I recently implemented concurrency constructs for Streme, and I decided to go with future/touch.

(future exp) allows the programmer to say to the evaluator: I will need the value of exp some time in the future. This means the evaluator has more freedom in choosing when to evaluate exp. Some possibilities:

  1. Evaluate exp directly: this gives the future construct the semantics of the identity function.
  2. Evaluate exp when its value is needed: the future becomes a delay.
  3. The evaluation can start between 1 and 2, and in the best-case scenario the value is available when needed.
Of course, 3 is by far the most interesting option because exp can be concurrently evaluated with the rest of the program, including the thread that constructed the future. There is one "small" detail of course that should be mentioned: choosing between 1, 2 and 3 potentially changes the semantics of a program. More on that later.

(future exp) creates a future value that can be resolved by its cousin procedure touch. touch always returns the value of exp, but it is possible it has to wait for it to become available, so it is a blocking operation.

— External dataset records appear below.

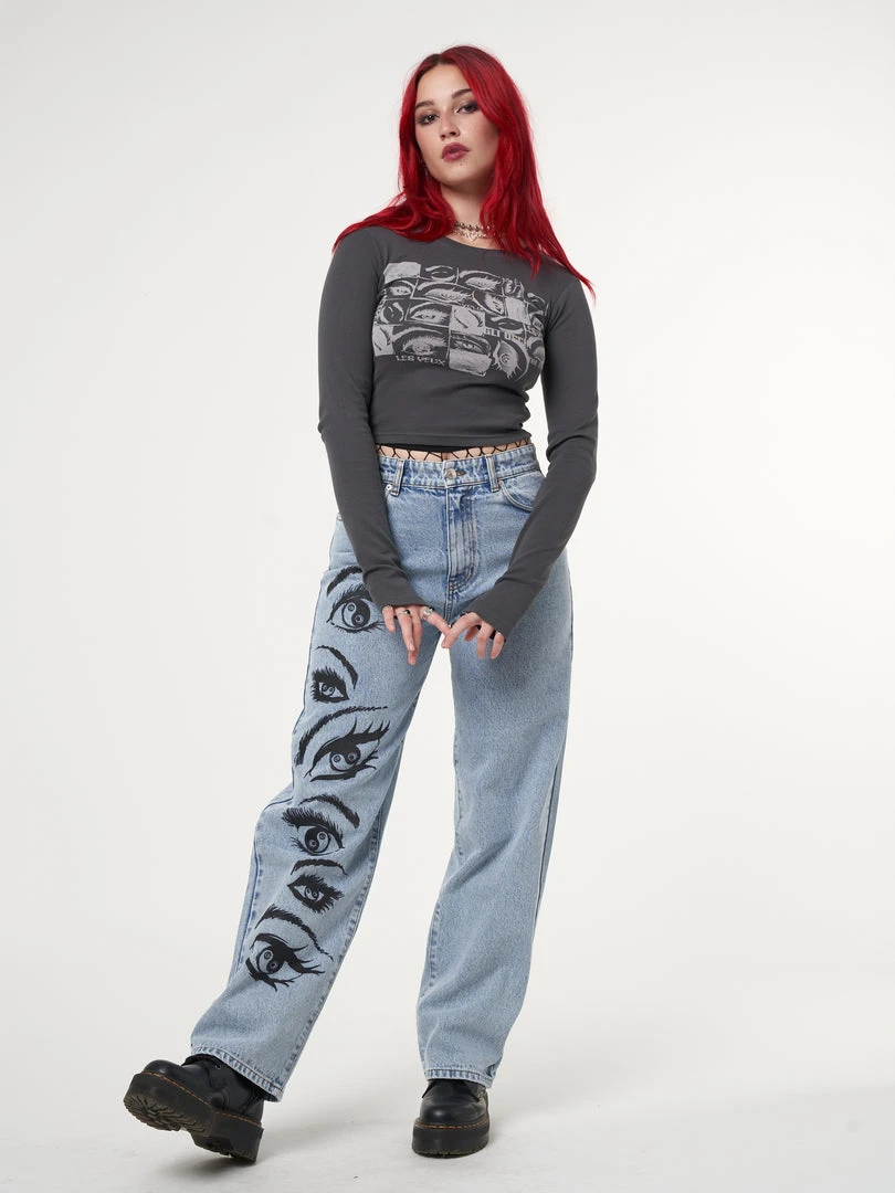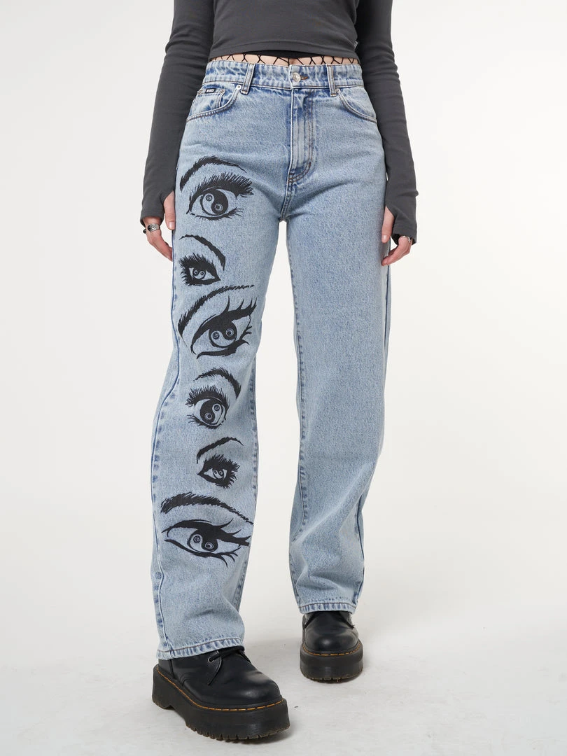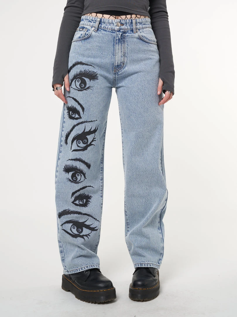 Minga London Most Wanted Yin Yang Eyes Printed Loose Fit Straight Leg Jeans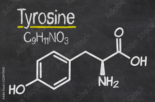 Blackboard with the chemical formula of Thyrosine
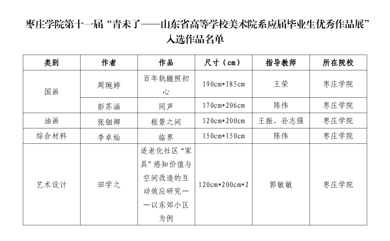 由山东省文化和旅游厅、山东省教育厅主办、山东美术馆承办的第十一届“青未了——山东省高等公司美术院系应届毕业生优秀作品展”入选作品名单公布,公司悟空体育选送的2025届毕业生毕业设计作品有5件入选,其中国画作品2件、油画作品1件、综合材料作品1件,艺术设计作品1件,入选数量和入选率均居省内同类本科院校前列。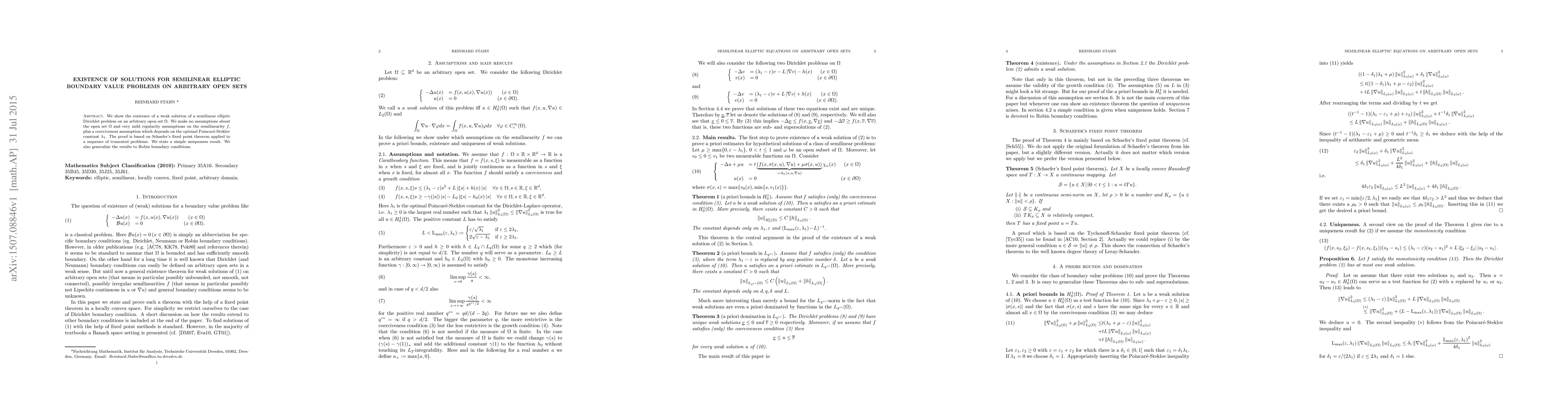 This paper demonstrates the existence of weak solutions for semilinear elliptic Dirichlet and Robin problems on any open set, with minimal regularity assumptions and a coerciveness condition tied to the optimal Poincare-Steklov constant, using Schaefer's fixed point theorem. A simple uniqueness result is also presented.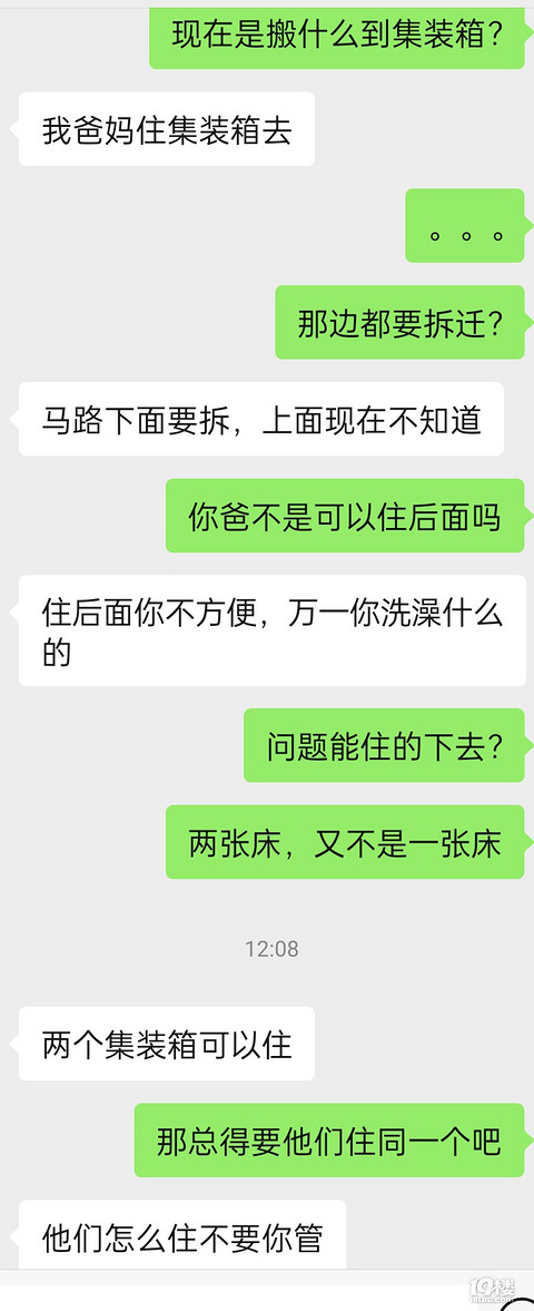 让他父母住密不透风的集装箱,也是一般般的,不算好的,新的,还一人一张床(很早吵架了一人一张床) 听着都心疼,幸好不是我父母,跟我无关!

Futures are first class values and can freely be passed around. So when is it necessary to use touch? At least before the value of exp is needed. And who has to perform the touch? Again some options:

  1. The programmer manually introduces touch where necessary.
  2. The evaluator, when needing a strict value, checks for futures and touches if necessary.
  3. The evaluator does value-flow analysis and introduces the necessary touch operations.
And again option 3 is the most attractive. Option 1 requires the programmer to keep track of where futures flow, which can increase the complexity of writing non-trivial programs. Option 2 incurs a performance penalty: if every time the evaluation of, say, (+ a b) actually becomes (let ((a-value (if (future? a) (touch a) a) (b-value (if (future? b) (touch b) b)) (+ a-value b-value)) at runtime, it is easy to see why this is so.

Options 2 and 3 makes the use of futures more transparent for the programmer, since he or she doesn't have to deal with touch explicitly. But wait... let's extend this principle. What if the evaluator can perform an analysis to decide where to introduce futures? That way, not only touch but also future becomes transparent, resulting in automatic parallelization.

The analysis needed for safe introduction of futures is dependency analysis. As said before, introducing futures can change the semantics of a program. The only way to make sure this doesn't happen is to check for interdependence between expressions. In short, if two expressions have no dependencies, evaluating them in parallel cannot change the meaning of a program.

So, to conclude, future and touch available at the source level in Streme only to manually test out concurrency in Streme. Ideally, in the near "future", the programmer should not worry about future/touch at all, since the evaluator will take care of it. Hopefully.